By Mohmoud Chikh-Ali
Each fall, millions of monarch butterflies fly south to Mexico in a chain of four generations. There, the butterflies spend the winter clinging to branches in the forests of Michoacán and Mexico State, then return to the United States and Canada in the spring. These orange and black butterflies form one of the best-known spectacles to nature lovers, highlighting conservation and cultural ties between the United States and Mexico.
Unfortunately, severe weather, climate change, and shrinking habitats have ravaged the monarch butterfly population. This year, conservation advocacy groups added the migratory monarch butterfly to their endangered list, saying the insect’s population has decreased sharply over the past decade. The International Union for Conservation of Nature group went as far as to say that the western monarch population is at greater risk of extinction.
The U.S. Consulate General in Monterrey is working to turn this around. Last year, in 2022, the consulate’s Green Team partnered with Facilities Management at post to have the consulate garden certified by the National Wildlife Federation. The consulate celebrated this certification on Earth Day. The process and the certification requirements helped the Green Team find creative ways to make the consulate garden a haven for butterflies traversing across Mexico. The strategically placed signage at the consulate helped start several conversations with guests, including during the Fourth of July celebration held in the consulate garden.
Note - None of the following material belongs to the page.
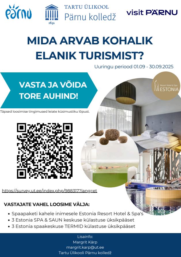 Turismiarenduse eestvedajad Visit Pärnu meeskonnas soovivad teada saada, mida kohalikud elanikud arvavad turismist ning kuidas nad on rahul turismiarendusega oma kodukohas. Küsimustik on anonüümne ja selle täitmine võtab aega umbes 5-12 minutit. Kõigi vastanute vahel, kes soovivad osaleda loosimises ja jätavad küsimustiku lõpus oma telefoninumbri, loositakse välja mõnusaid spaaelamusi. Loosirattas keerlevad üks spaapakett kahele inimesele Estonia Resort Hotel & Spa’s (majutus, buffee hommikusöök, spaa- ja saunakeskuse külastus), 3 Estonia SPA & SAUN keskuse ning 3 Estonia spaakeskuse TERMID külastuse üksikpääset. Loosimine toimub pärast uuringuperioodi lõppemist. Võitjatega võtab telefoni teel ühendust Visit Pärnu esindaja.
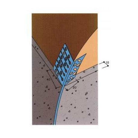 Paraspigolo ad arco interno per intonaco, in lamiera zincata gr. 200/m2. Lunghezza 300 cm. Spessore intonaco mm 10. Dimensioni mm 20x40.

Throughout the consulate grounds, the thoughtfully planted native trees and flowers attract butterflies, helping the monarchs make the migration as they descend on the mountains of central Mexico. The Green Team solicited and collected community contributions of additional plants for the consulate, adding to its already substantial vegetation.
Three decades ago, one billion butterflies made the striking annual migration. This year, that number was at just over 20 million. ConGen Monterrey is proud to invest in conservation practices and community awareness to help the butterfly migration return to its original strength.
Mohmoud Chikh-Ali is a consular officer and a member of the Green Team at the U.S. Consulate General in Monterrey.